The trade-weighted Dollar rally, which is as much a function of necessary depreciation elsewhere as it is investors' interest in the greenback, could encourage the Dollar's appreciation to become more selective in the weeks ahead and this would likely be supportive of Sterling. The UK's vaccine rollout has put the economy on course for one of the fastest recoveries in the developed world this year, enabling British bond yields to rise alongside those of the U.S. This means among other things that if there are any major currencies at all which are likely to rise against the Dollar in the current market, the Pound is eligible to be one of them.

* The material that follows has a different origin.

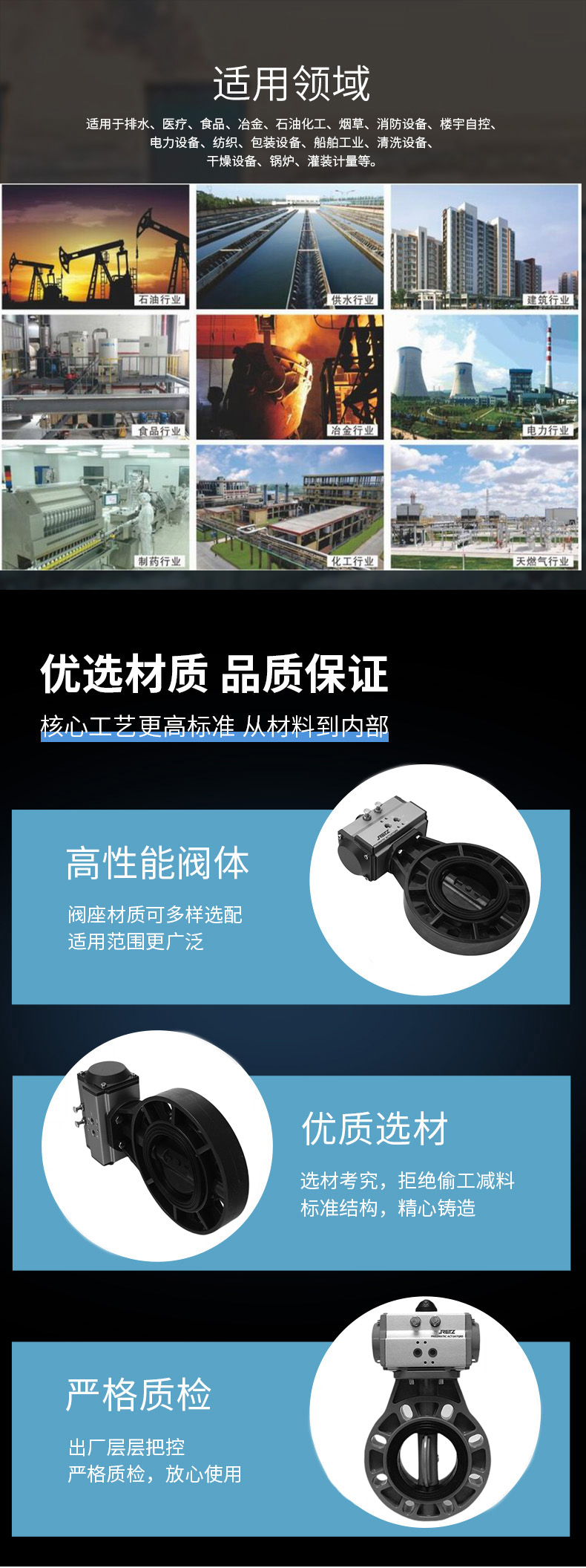 PVC塑料蝶阀凭借其独特的技术原理、合理的结构设计和广泛的功能应用,在给排水、化工、水处理等众多行业的流体控制领域发挥着重要的作用。其良好的化学稳定性、耐腐蚀性、轻便的结构以及有效的流体控制和密封性能,使其成为一种经济实用的阀门选择

"We see initial resistance now at 1.3790 and think that Cable regaining a 1.38 handle should provide the basis for some technical stabilization in this market, if not a more significant recovery. We rather favour a rebound developing from the low 1.37s; the sharp move lower leaves the GBP looking oversold and prone to snap higher (potentially towards 1.40) over the next week or so," says Juan Manuel Herrera, a strategist at Scotiabank.
Above: Pound-to-Dollar rate at weekly intervals with 10-year U.S. (black) bond yield and 10-yar UK yield (yellow).